Southern Living’s February 2012 issue (how can one magazine issue contain so many treasures under one cover? I’ll still be testing them until Christmas.) featured an article giving a new twist to some Southern classics. Chess pie was one of the classics it doctored up. The recipe featured was for Tangerine Chess Pie. The magazine stated that even anti-chess pie diehards (whatever misguided persons that might be) would give this new concoction thumbs-up! I had to see what this recipe was like.
Tangerine Chess Pie is baked in the same way as the traditional version except it contains 1/3 cup of fresh-squeezed tangerine (or orange juice) and 2 teaspoons tangerine (or orange zest). The top of the pie, once baked, is garnished with extra-thin tangerine (or orange) slices.
I loved the slight hint of citrus amidst the traditional custard filling. Hubby’s response: “Looks like a breakfast pie to me!” I reminded him that this wasn’t the day after Thanksgiving, when he annually consumes his legendary pumpkin-pie slice for his day-after morning meal. That didn’t hold him back as he dove into a Tangerine Chess Pie slice and consumed it. Double-wow! was his rating of this wonderful dish.
Tangerine Chess Pie
1 (14.1-ounce) package refrigerated pie crusts
1 1/2 cups sugar (or sugar substitute)
1 tablespoon all-purpose flour
1 tablespoon plain yellow cornmeal
1/4 teaspoon salt (or salt substitute)
1/4 cup butter, melted
2 teaspoons tangerine or orange zest
1/3 cup fresh tangerine juice or orange juice
1 tablespoon lemon juice
4 large eggs, lightly beaten (or 1 cup egg substitute)
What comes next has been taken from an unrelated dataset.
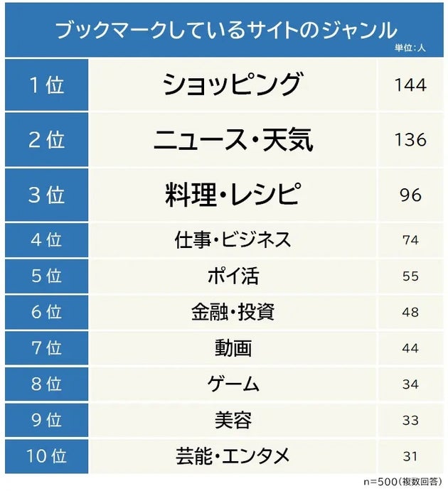 みんながブックマークしているサイトのジャンルは?レシピや天気より人気なのは◯◯
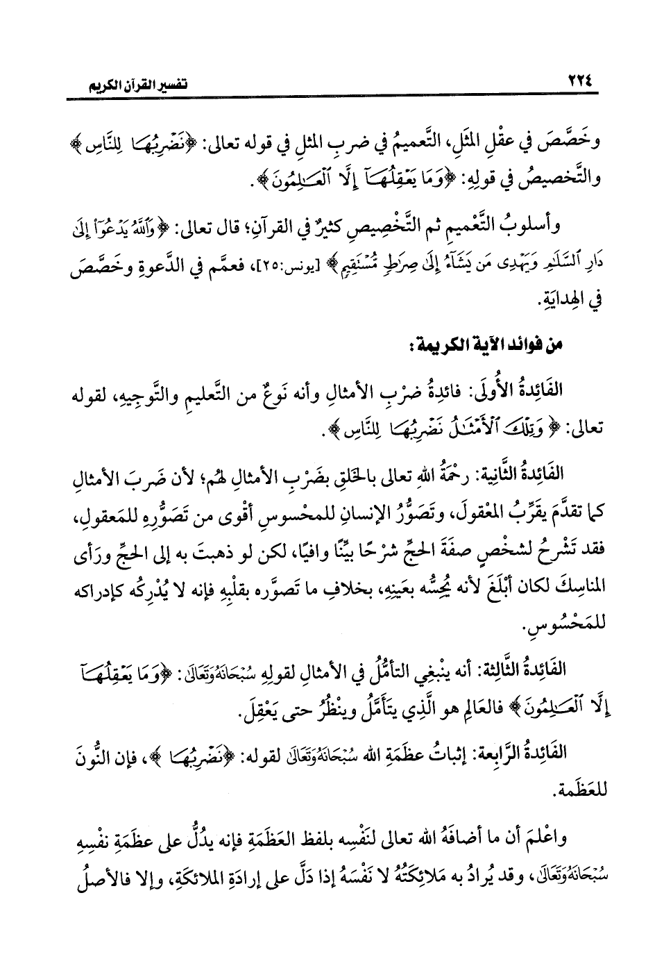 الفَائِدةُ الثَّالِثة: أنه ينْبغِي التأمُّلُ في الأمثالِ لقولِهِ سُبْحَانَهُ وَتَعَالَى: {وَمَا يَعْقِلُهَا إِلَّا الْعَالِمُونَ} فالعَالم هو الَّذِي يتَأَمَّلُ وينْظُرُ حتى يَعْقِلَ.

garnishes: sweetened whipped cream (or sugar-free whipped topping),
tangerine (or orange) slices
Preheat oven to 450 degrees. Unroll pie crusts; stack on a lightly floured surface. Roll into a 12-inch circle. Fit piecrust into a 9-inch pie plate; fold edges under, and crimp edges. Use a fork to prick bottom and sides of crust. Bake 8 minutes; cool on a wire rack 15 minutes. Reduce oven temperature to 350 degrees. Whisk together sugar and next 8 ingredients until all are blended. Pour into prepared pie crust. Bake at 350 degrees for 40 to 45 minutes or until center of pie is set. Shield edges with foil after 20 minutes to prevent excessive browning. Makes 6 to 8 servings.